= QB VII =

1970 novel by Leon Uris

First edition (publ. Doubleday)

QB VII by Leon Uris is a dramatic courtroom novel published in 1970. The four-part novel highlights the events leading to a libel trial in the United Kingdom. The novel was Uris's second consecutive #1 New York Times Best Seller and third overall. The novel is loosely based on a court case for defamation (Dering v Uris) that arose from Uris's earlier best-selling novel Exodus.

==Title==
"QB VII" is an abbreviation of Queen's Bench Courtroom Number Seven.

==Plot==
A famous author, Abraham Cady, stands trial for libel. In his book The Holocaust, he named eminent surgeon Sir Adam Kelno as one of the Jadwiga concentration camp's most sadistic inmates/doctors. Cady wrote the book after discovering the Jadwiga concentration camp was the site of his family's extermination.

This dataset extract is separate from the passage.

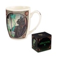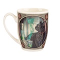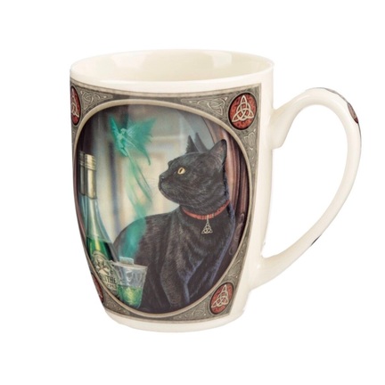 lisa Parker - Absinthe Cat Porcelain Mug A glass of absinthe has been poured and on an ornate dressing table sits a familiar black cat with a red collar around its neck, adorned with a small twisted silver triquetra. Next to the cat is a small Pontellier glass, half filled with the infamous green liquid, absinthe. A small absinthe spoon sits on top of the glass with a sugar cube waiting to be dipped into the liquid. The black cat sits perfectly still, mesmerized by the green fairy floating from the glass. The beautiful embossed details enhance the magic and create a striking 3D effect, while the large space makes it a wonderfully practical item.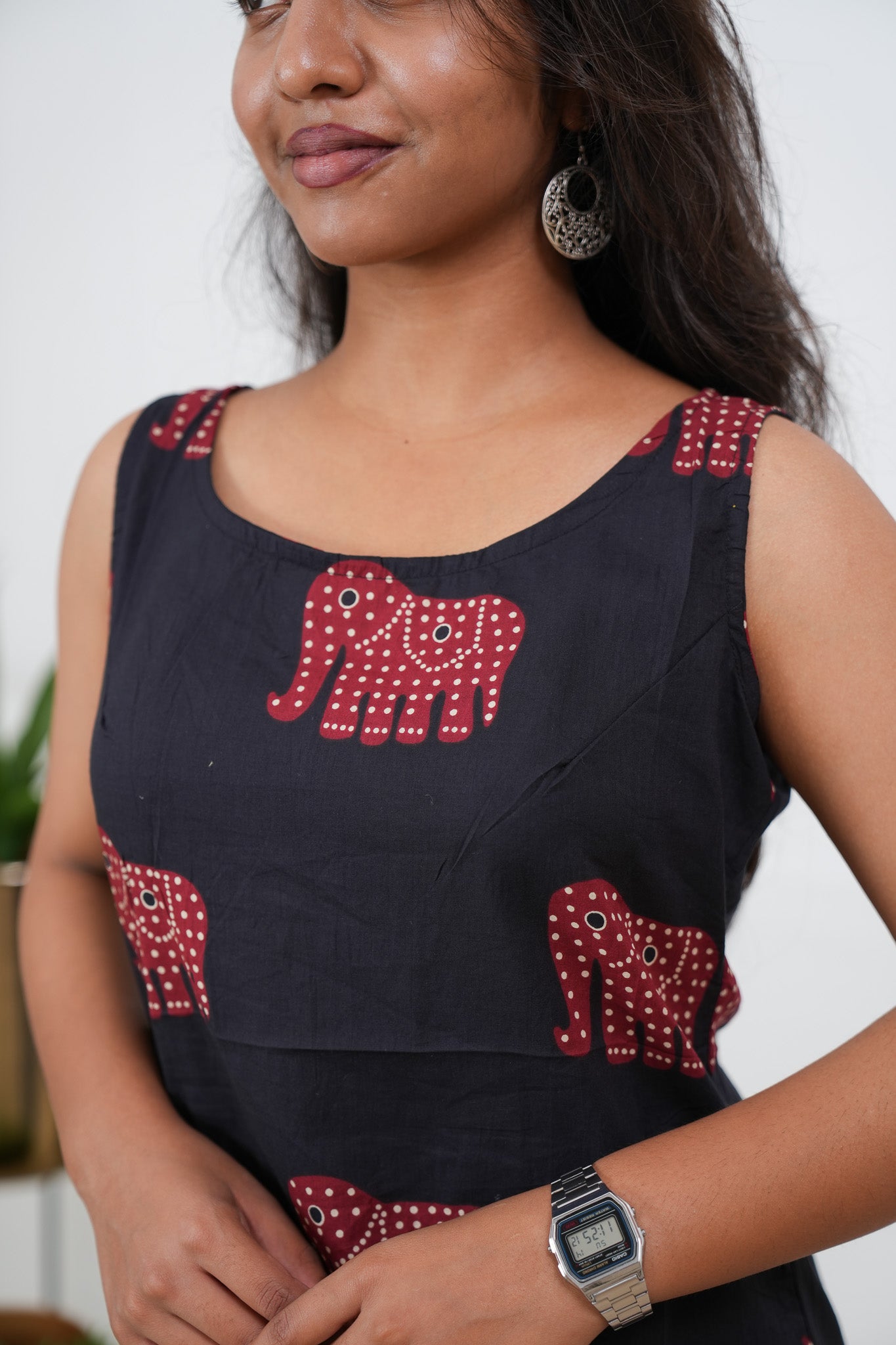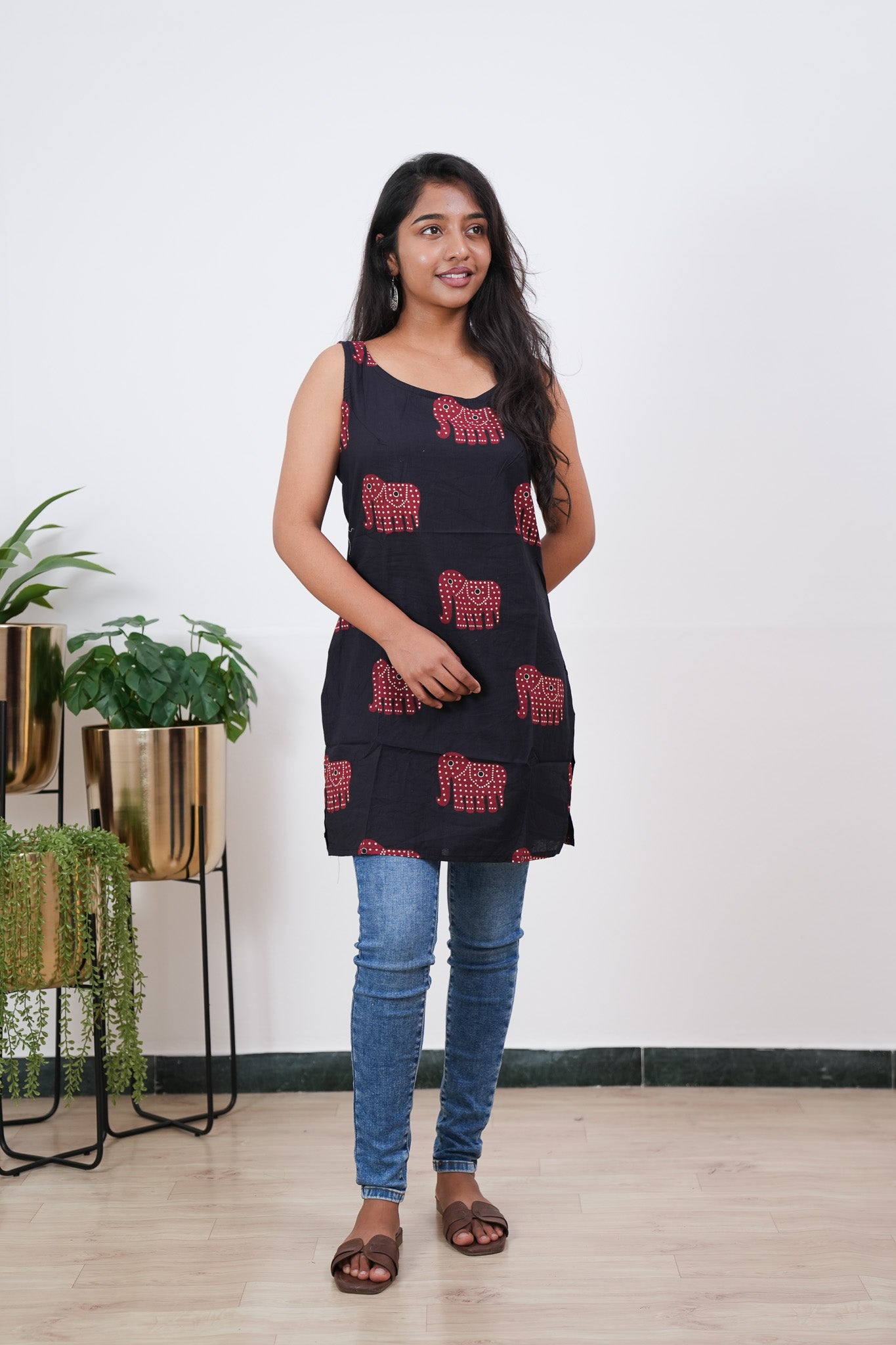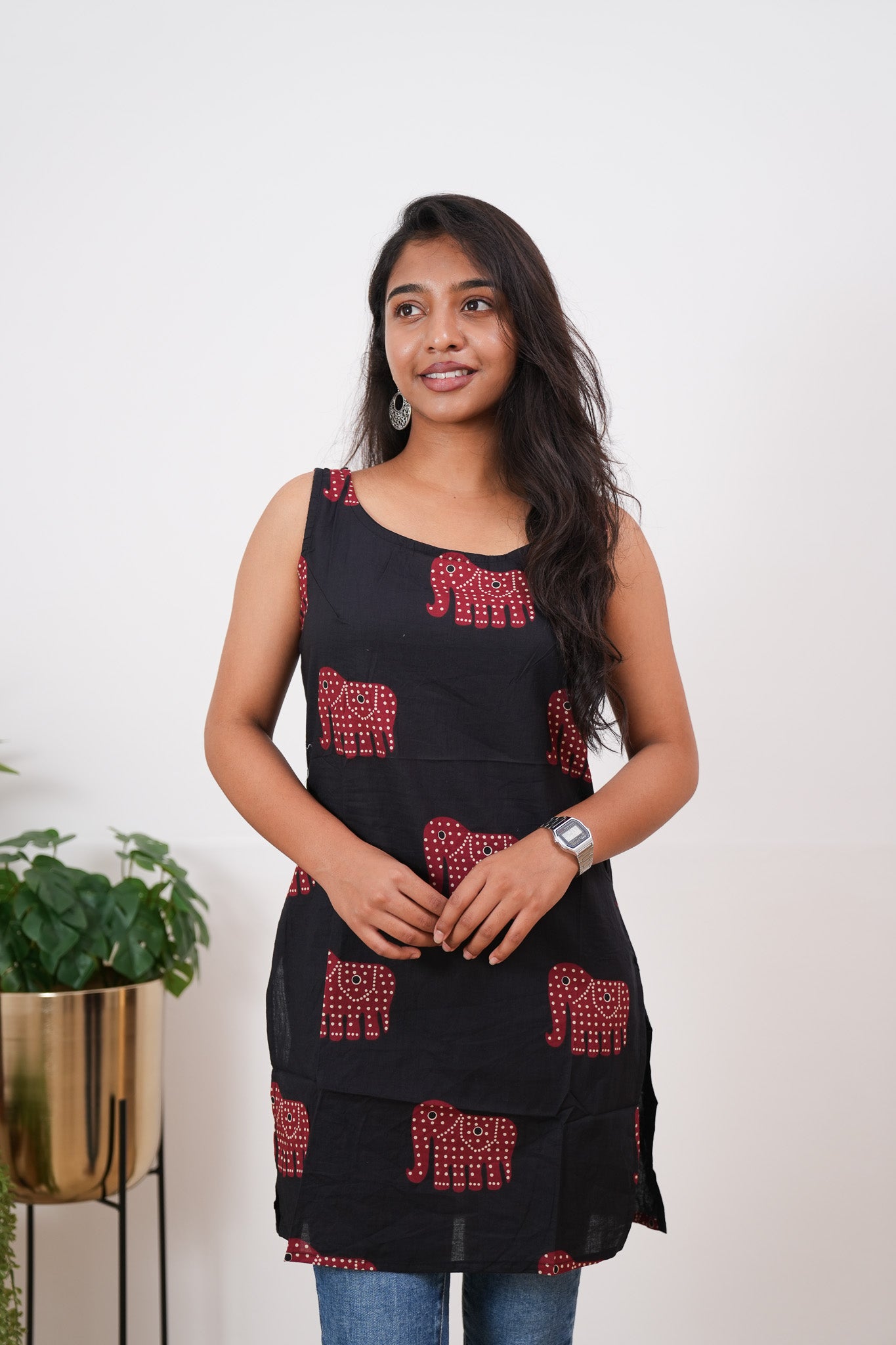 Black elephant cotton tunic

Kelno has denied his involvement in sadistic practices, and asserts he worked hard to save prisoners, at great personal risk. Furious at his depiction by Cady, Kelno brings libel charges against him.

In the end, Kelno wins his case but is awarded one half-penny, the smallest coin of the realm, because his past actions were found to have been so bad that the minor inaccuracies in the book could not have damaged his reputation further.

The book was loosely based on a libel case involving the author and brought by Polish doctor Wladislaw Dering. Dering alleged that Uris had defamed him in his book Exodus.

== Reception ==
A review in TIME magazine called QB VII a "vulgar affront" and a "rather gratuitous endurance test".

==Television miniseries==
The book was adapted into an Emmy-winning American television miniseries QB VII which aired on ABC on April 29 and 30, 1974.